TRY IT: Please give again exactly the lines from the top of the material through the line with "ASOS DESIGN oversized"; omit each picture.
Start of DATASET SECTION
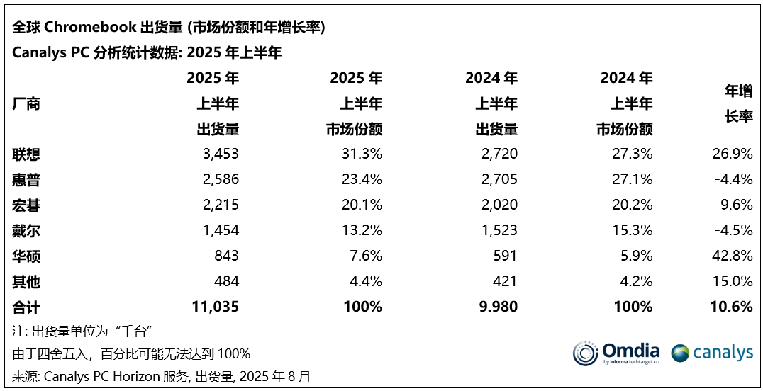 Canalys(现并入Omdia)数据显示,2025年第二季度全球平板电脑出货量达到3900万台,同比增长9%,环比增长5%。这一强劲表现主要得益于中国和EMEA(欧洲、中东和非洲)地区的稳定需求。与此同时,Chromebook市场表现亮眼,受益于日本GIGA学校项目推动下的教育设备更新,2025年上半年出货量达到1100万台。除了日本,多个市场的公共部门也在为教育设备提供资金支持,预计将持续推动Chromebook出货量在2025年及以后保持高位。
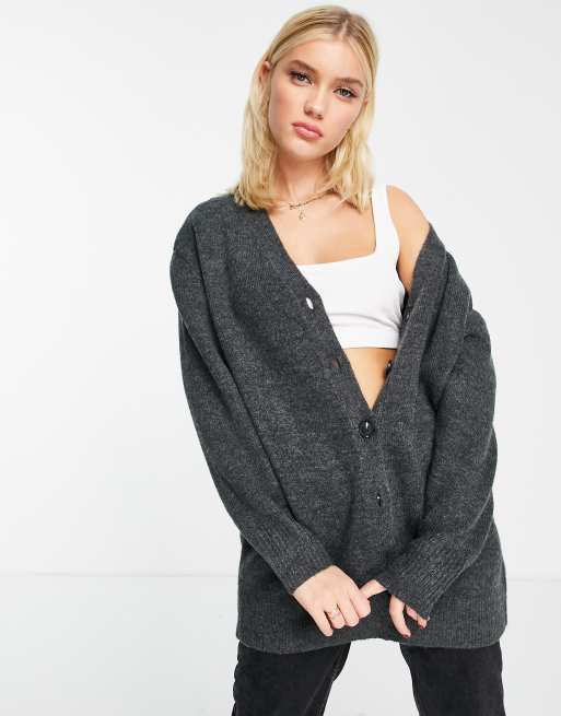 ASOS DESIGN oversized cardigan with button through in dark gray
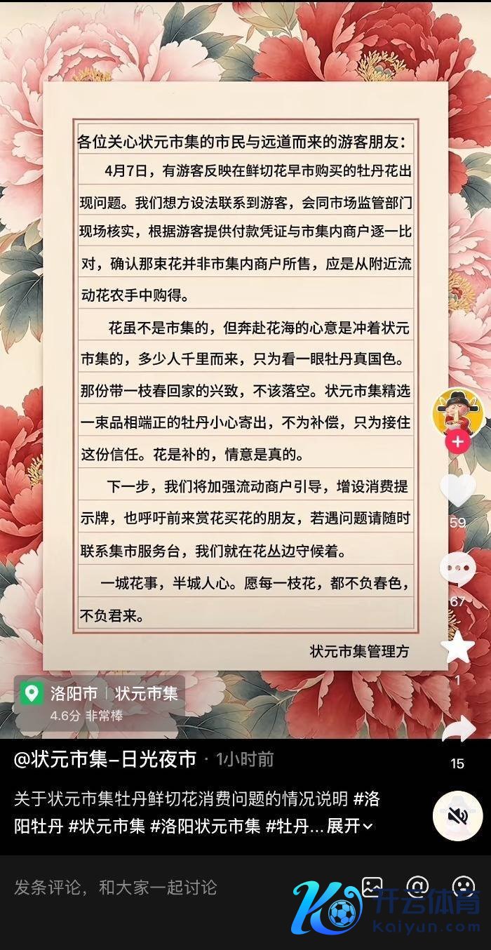 诠释中同期写说念:“花虽不是市集的,但奔赴花海的情意是冲着状元市集的。若干东说念主沉而来,只为看一眼牡丹真国色。那份带一枝春回家的兴味,不该破碎。”为此,状元市集精选一束品相步骤的牡丹防御寄出,“不为赔偿,只为接住这份信任。花是补的,情意是的确。”
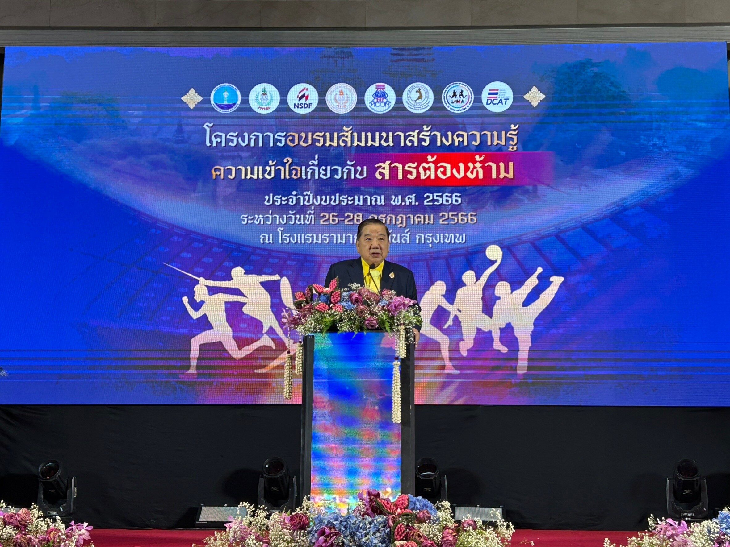 การกีฬาแห่งประเทศไทย (กกท.) ร่วมกับกองทุนพัฒนาการกีฬาแห่งชาติ (NSDF) และสมาคมกีฬามวยอาชีพแห่งประเทศไทย จัดการอบรมโครงการสัมมนาสร้างความรู้ ความเข้าใจเกี่ยวกับสารต้องห้าม ประจำปีงบประมาณ พ.ศ.2566 ระหว่างวันที่ 26-28 กรกฎาคม 2566 ที่โรงแรมรามาการ์เด้นส์ ให้กับผู้เข้าร่วมการอบรม ทั้งนักกีฬา โค้ช และผู้ที่เกี่ยวข้องด้านกีฬา เพื่อสร้างการรับรู้เรื่องสารต้องห้าม และนำองค์ความรู้ไปถ่ายทอดในองค์กร เช่น หากโดนสุ่มเก็บตัวอย่าง จะต้องเข้าใจกระบวนการ และขั้นตอนต่างๆ ให้ละเอียด สร้างความเข้าใจแก่บุคลากรที่เกี่ยวข้อง หากพิสูจน์ความผิดพบว่าจริง ก็จะมีบทลงโทษคือ ห้ามยุ่งเกี่ยวกับวงการกีฬา ถือว่ารุนแรงมาก
End of DATASET SECTION
REPLY:
 Canalys(现并入Omdia)数据显示,2025年第二季度全球平板电脑出货量达到3900万台,同比增长9%,环比增长5%。这一强劲表现主要得益于中国和EMEA(欧洲、中东和非洲)地区的稳定需求。与此同时,Chromebook市场表现亮眼,受益于日本GIGA学校项目推动下的教育设备更新,2025年上半年出货量达到1100万台。除了日本,多个市场的公共部门也在为教育设备提供资金支持,预计将持续推动Chromebook出货量在2025年及以后保持高位。
 ASOS DESIGN oversized cardigan with button through in dark gray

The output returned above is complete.